Jade， natural hardstone attaining its merits admired by our ancestors for generations， is in general translucent， of fine quality and elegant in color. Jade is sincerely considered only by Chinese to be the symbol of purity and goodliness and to be a representation of dignity and holiness. It is personified yet supernatural. It has blended profoundly into Chinese traditional culture， etiquette and custom.
Skillful craftsmen from different dynasties craved jade into various utensils and artworks that were normally given to contexts beyond their forms. Jade might be used as a sacrifice to worship God， as a kind of accouterment to show one’s status and moral， as objects accompanying dead to signify immortality， as symbols to show wealth， and also as articles for daily use with joys.

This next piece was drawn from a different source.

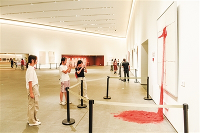 展出现场,一件件作品依次陈列,包括抽象作品、材料艺术、女性表现艺术以及装置等。其中,作品《存在》系列,借用时间痕迹的棉布,以简单的形式和色彩构成的画面,表达对生命的体验和反思过程;《无序点云》系列作品通过普通的红色棉线作为连接内在与外在世界的材料,使人和作品之间形成不同的物理和心理上的距离,从而产生一种互动关系;《门与记忆》系列作品,则通过每一道裂痕、每一处斑驳,让人们感受到岁月的沉淀和生命的坚韧。

Jade used in ceremony could be further divided into two categories: ritual objects and ceremonial service objects. The six traditional ritual objects are Bi， Cong， Gui， Zhang， Hu， and Huang. These have long been considered to be a means of communication between human and God.Thus， it was indispensable on occasions of sacrifice. Ritual jades were also considered to be the symbol of royal power favored by God and used in cases of meeting the king， appointment， treatment of diplomatic relations， and taking an oath indicating that all these were done in name of God. The ceremonial service objects include Yue， Fu， Ge， Qi， Dao， mostly transformed from practical weapons， and were used for royal and aristocrat ceremonial activities to enhance sacred atmosphere.
Such functions of these ritual objects started in the late prehistoric times， prevailed during the Shang and Zhou Dynasties， and declined in the Spring and Autumn Period.

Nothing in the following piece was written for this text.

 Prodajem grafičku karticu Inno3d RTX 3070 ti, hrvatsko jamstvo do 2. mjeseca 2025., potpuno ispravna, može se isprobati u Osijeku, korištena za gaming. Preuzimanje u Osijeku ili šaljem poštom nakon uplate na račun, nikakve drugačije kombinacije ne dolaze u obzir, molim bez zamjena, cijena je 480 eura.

The original use of jade was for personal pendent. One started to use natural jade stone to glorify personal adornment as early as the prehistoric times. Later on crafted jades appeared in high quality. It was in the Western Zhou Dynasty when jades were normally used to indicate one’s status. The different uses of pendent jades such as their configuration and combination and hanging methods and placements vary according to different status of owners as well as to practices of moral and ethical significance.
Jade used for funerals was intended to protect dead by providing special jade suits including facial covers， mouth—insertion and hand—insertion， etc. because people believe that jade could prevent the remains from being decayed. This custom began in the Neolithic or New Stone Age. The burial jade first appeared in the Western Zhou and prevailed during the periods from the Spring and Autumn Period to the Han Dynasty. Hereafter， although jades were used as burial goods while special function of burial jades no long existed.
Given glittering and translucent nature， jades were easy to be carved into various objects to decorate house furniture and the like in later dynastic periods. One always enjoyed watching the festive and propitious ornament design and exquisite carving craft attained by jades. The display of these jades， of course， may indicate the owner’s wealth and decentness. Therefore， the jades are not only to be shown off， but also for appraisals and collection by their owners.
Since the East Han Dynasty， Jade in China started to leave behind its mystery and entered into people’s daily life. It became increasingly ordinary and reached the peak of consumption during the Ming and Qing Dynasties. People in upper class used it to show off. It not only enriched their lives by adding special tastes and flavors， but meanwhile reflected their appreciation of art.